What this task involves
I'd like the entries that follow repeated exactly, with the pictures left out.

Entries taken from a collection
^^^^^^^^

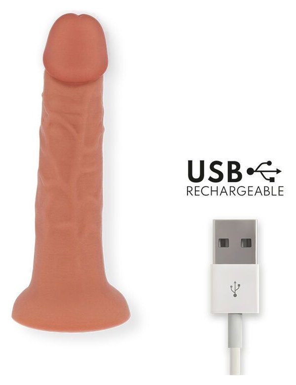 Телесный реалистичный вибратор с управлением через приложение - 17,5 см
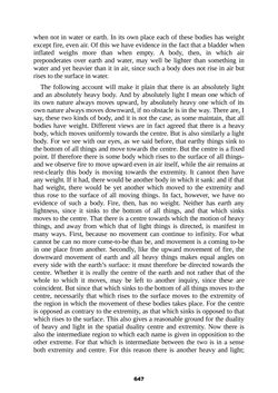 evidence of such a body. Fire, then, has no weight. Neither has earth any
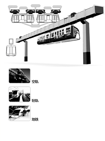 “空軌”屬于城市快捷公交,是懸掛式單軌交通運(yùn)輸系統(tǒng)。軌道位于列車(chē)上方,由鋼鐵或水泥立柱支撐,列車(chē)被吊在半空中行駛。
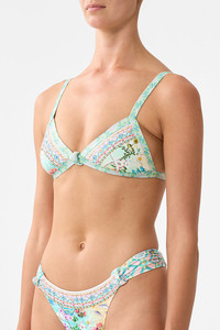 Designed in Australia, the Just Coasting Knot Front Triangle Bra radiates a kaleidoscope of pastel dreams, sunlit charm and coastal treasures inspired by boundless seaside reveries. Lovingly handcrafted, this knot front tri bra blends comfort with allure. Designed for B-C cups featuring a centre front knot, adjustable convertible straps and shimmering crystal embellishments for added sparkle. - To Suit B-C Cup - Centre Front Knot Detail - Adjustable And Convertible Straps - Crystal Embellishment - ECONYL® sustainable fabric SKU 00035499-JUSTCOAS-XS Size and Fit Our model wears a CAMILLA S and is 5'10 (178cm) tall. Her standard dress size is an AU 10. She has a 32in (83cm) bust, 35in (89.5cm) hips and a 25in (66cm) waist. Camilla S = AU10 / UK10 / US6 Fabric and Care MAIN: 82% REGENERATED POLYAMIDE, 18% ELASTANE ECONYL® is regenerated nylon, crafted from waste materials that would otherwise end up polluting our Mother Earth. Its beauty lies in its ability to be recycled, remoulded and ultimately reused time and time again. An infinitely recyclable product that keeps our planet looking beautiful, it opens the door to a circular fashion sphere.
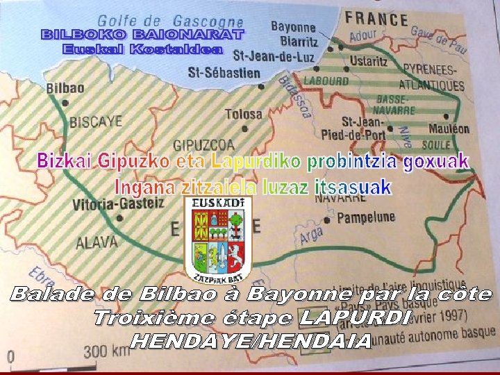 Le blason d'Hendaye date de 1660, il représente une baleine avec 3 harpons, rappelant les marins hendayais pêcheurs de baleines et une couronne royale, souvenir du passage de Louis XIV sur le territoire d'Hendaye. Armoierie et Bateau Bixintxo 1949

^^^^^^^^

Final answer
 Телесный реалистичный вибратор с управлением через приложение - 17,5 см
 evidence of such a body. Fire, then, has no weight. Neither has earth any
 “空軌”屬于城市快捷公交,是懸掛式單軌交通運(yùn)輸系統(tǒng)。軌道位于列車(chē)上方,由鋼鐵或水泥立柱支撐,列車(chē)被吊在半空中行駛。
 Designed in Australia, the Just Coasting Knot Front Triangle Bra radiates a kaleidoscope of pastel dreams, sunlit charm and coastal treasures inspired by boundless seaside reveries. Lovingly handcrafted, this knot front tri bra blends comfort with allure. Designed for B-C cups featuring a centre front knot, adjustable convertible straps and shimmering crystal embellishments for added sparkle. - To Suit B-C Cup - Centre Front Knot Detail - Adjustable And Convertible Straps - Crystal Embellishment - ECONYL® sustainable fabric SKU 00035499-JUSTCOAS-XS Size and Fit Our model wears a CAMILLA S and is 5'10 (178cm) tall. Her standard dress size is an AU 10. She has a 32in (83cm) bust, 35in (89.5cm) hips and a 25in (66cm) waist. Camilla S = AU10 / UK10 / US6 Fabric and Care MAIN: 82% REGENERATED POLYAMIDE, 18% ELASTANE ECONYL® is regenerated nylon, crafted from waste materials that would otherwise end up polluting our Mother Earth. Its beauty lies in its ability to be recycled, remoulded and ultimately reused time and time again. An infinitely recyclable product that keeps our planet looking beautiful, it opens the door to a circular fashion sphere.
 Le blason d'Hendaye date de 1660, il représente une baleine avec 3 harpons, rappelant les marins hendayais pêcheurs de baleines et une couronne royale, souvenir du passage de Louis XIV sur le territoire d'Hendaye. Armoierie et Bateau Bixintxo 1949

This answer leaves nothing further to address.